Собирание берестяных грамот переживает пору своего младенчества. Сегодня мы знакомимся с результатами лишь первых двенадцати лет замечательного открытия. Но уже сейчас мы видим не только через призму исторического анализа, но и воочию многие явления, до сих пор надежно скрытые от нас глухой стеной столетий. Находка берестяных грамот в 1951 году прорубила в этой стене первые, еще узкие окна, которые постепенно расширяются с находкой каждой новой грамоты. И можно искренне позавидовать будущим историкам. Они, сосредоточив в своих руках тысячи берестяных писем, будут знакомы с доброй половиной средневековых новгородцев и услышат от них ответ на любой вопрос, встающий в процессе исследования. Для них стена столетий рухнет и взору предстанет живая картина средневекового города, сверкающего сотнями красок и наполненного шумом тысячи голосов.
Глава 15
Самые древние грамоты
В своем рассказе о берестяных грамотах Неревского раскопа я почти не касался древнейших периодов новгородской истории, сосредоточив все внимание на документах XIII–XV столетий. Это не значит, однако, что до начала XIII века в Новгороде не писали на бересте. Более ранних грамот найдено много. В слоях XII века их собрано пятьдесят, в слоях XI века — семь. Это почти в тридцать раз больше, чем сохранилось до наших дней пергаменных актов того же времени. Но все же ранних материалов пока мало для столь же существенных наблюдений, какие оказалось возможным сделать, изучая позднейшие берестяные грамоты. Это естественно. Ведь от XIII–XV веков сохранилось в семь раз больше берестяных листов.
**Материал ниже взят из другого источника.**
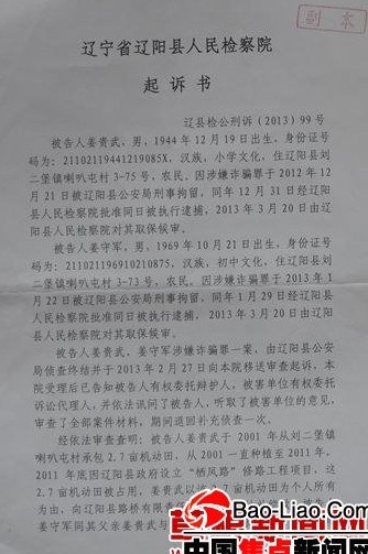 就在姜家被砸的第二天,被打伤的姜贵武还没等看病,他和儿子姜守军父子再次被公安局抓走,罪名仍然是涉嫌诈骗。目前,辽阳县检察院已经以涉嫌诈骗的罪名对姜家父子提起公诉。辽阳县检察院起诉书(辽县检公刑诉【2013】99号)中说:经依法审查查明:被告人姜贵武于2 0 0 1年从刘二垡镇喇叭屯村承包2.7亩机动田,从2001一直种植至201年。2011年底因辽阳县政府设立“栖凤路”修路工程项目,这2.7亩机动田被占用,姜贵武以该2.7亩机动田为个人所有为由,向辽阳县路桥有限责任公司索要占地补偿款,被告人姜守军同其父亲姜贵武与辽阳县路桥有限责任公司签占地补偿协议书,于2012年12月12日得到占地补偿款,姜贵武得125000元,姜守军以青苗补偿的名义诈骗12500元。另外,被告人姜贵武、姜守军在已按每亩5万元补偿标准领取到6亩多口粮田补偿款的情况下,仍多次阻止施工,多要补偿款。为尽快施工,辽阳县路桥有限责任公司不得已于2012年12月12日又多支付二人每亩3万元的补偿款20余万元。本院认为,被告人姜贵武、姜守军以非法占有为目的,骗取数额巨大的集体财产,二人的行为已触犯《中华人民共和国刑法》第二百六十六条之规定,犯罪事实清楚,证据确实充分,应以诈骗罪追究刑事责任,根据《中华人民共和国刑事诉讼法》第一百七十二条之规定,提起公诉,请依法判处。
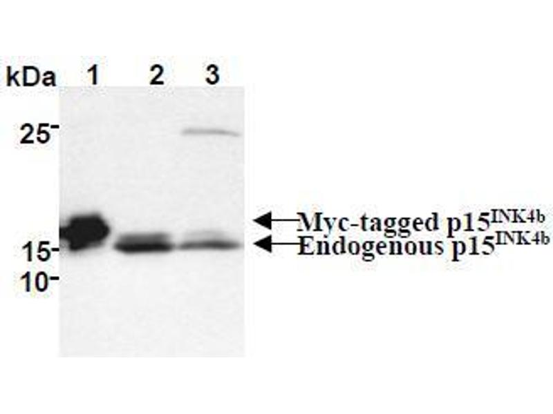 - This antibody reacts with p15INK4b (15 kDa).
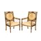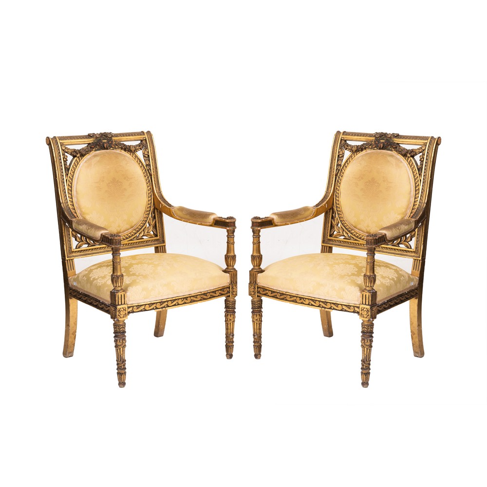 Coppia di poltrone stile Luigi XVI in legno dorato, tappezzeria damascata nei toni del giallo.
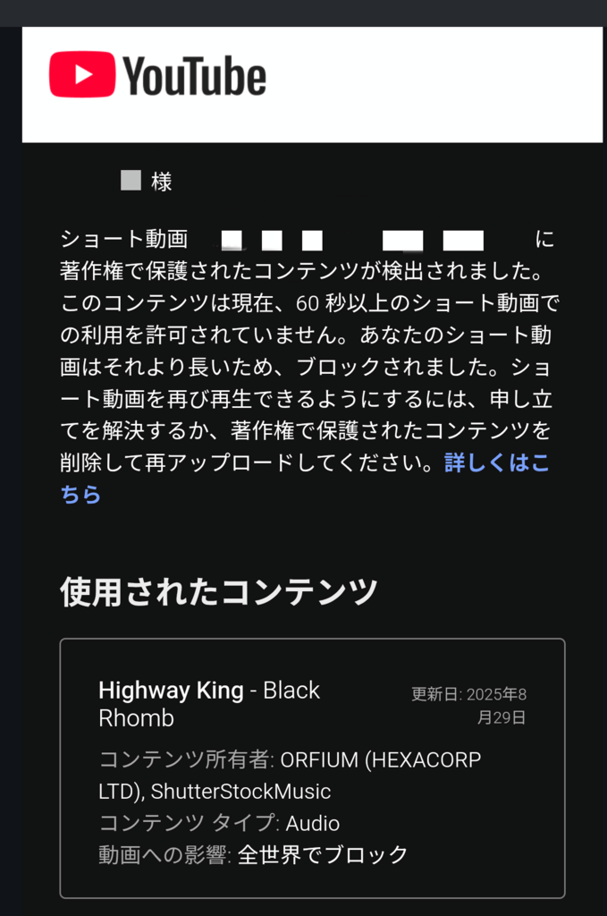 WGの方でも把握してて、とりあえずyoutube以外のSNSに投稿するか、音楽をyoutube提供の物に差し替えるかのどっちかを推奨するとのこと。

Большинство древнейших грамот дошло в мелких обрывках. Это обстоятельство тоже затрудняет изучение древнейшей бересты.
Однако некоторые наблюдения можно сделать и сейчас. Главная тема, которой посвящено подавляющее большинство берестяных текстов XII века, — это деньги. Деньги в разных формах их применения — при уплате долга и покупке, при уплате штрафа и продаже собственности. Демьян приказывает своему адресату продать коня за любую предложенную сумму, записать убытки и внушить Кузьке, чтобы тот не потерял деньги (№ 163, конец XII века). Прокош советует Нестеру заплатить шесть гривен, а штраф не платить (№ 115, конец XII века). Автор грамоты № 78 пишет во второй половине XII века: «Возьми у Тимощи одиннадцать гривен, у Воицина шурина на коне расписной хомут, и вожжи, и оголовье, и попону». Автора грамоты № 160 Василия тогда же волнует вопрос о продаже его коня светло-желтой масти. Семка, который в середине XII века бывал или, может быть, даже жил в Переяславле под Киевом, прослышав, что некий Кулотка продолжает числить на нем долг, сообщает, что этот долг выплачен компаньону Кулотки — Лазовке, когда оба товарища были в Переяславле (№ 105). Твердята, новгородец начала XII века, приказывает Зубери взять у госпожи — «господыни» — 13 резан (№ 84). Его современник Яким велит Нестеру отдать векшу; так называлась одна из мелких денежных единиц XI–XII веков (№ 120). А другой его современник Петр клянется Влотьку, что он «ни векшею не должен» (№ 336). Некий новгородец с редким именем Носок, покрывавший какую-то церковь свинцом, требует уплаты ему и его товарищам двух гривен за работу. Этот свой «счет» он написал даже не на бересте, а на образчике строительного материала — листочке свинца. Такая небывалая грамота найдена в 1957 году в слое первой трети XII века. И опять: «едешь по корову, а вези три гривны» (№ 8, конец XII века). Одна грамота за другой знакомят нас с монотонными расчетами: на таком-то взять такую-то сумму, тот-то столько-то должен. Суммы крупные и мелкие, денежные единицы в разных комбинациях: гривны и веверицы, резаны и куны, векши и ногаты, числа, написанные цифрами, и числа, написанные словами… Можно продолжать цитирование этих «денежных документов», но тогда нам пришлось бы перечитать почти все 57 древнейших грамот. О деньгах говорится буквально в каждом документе.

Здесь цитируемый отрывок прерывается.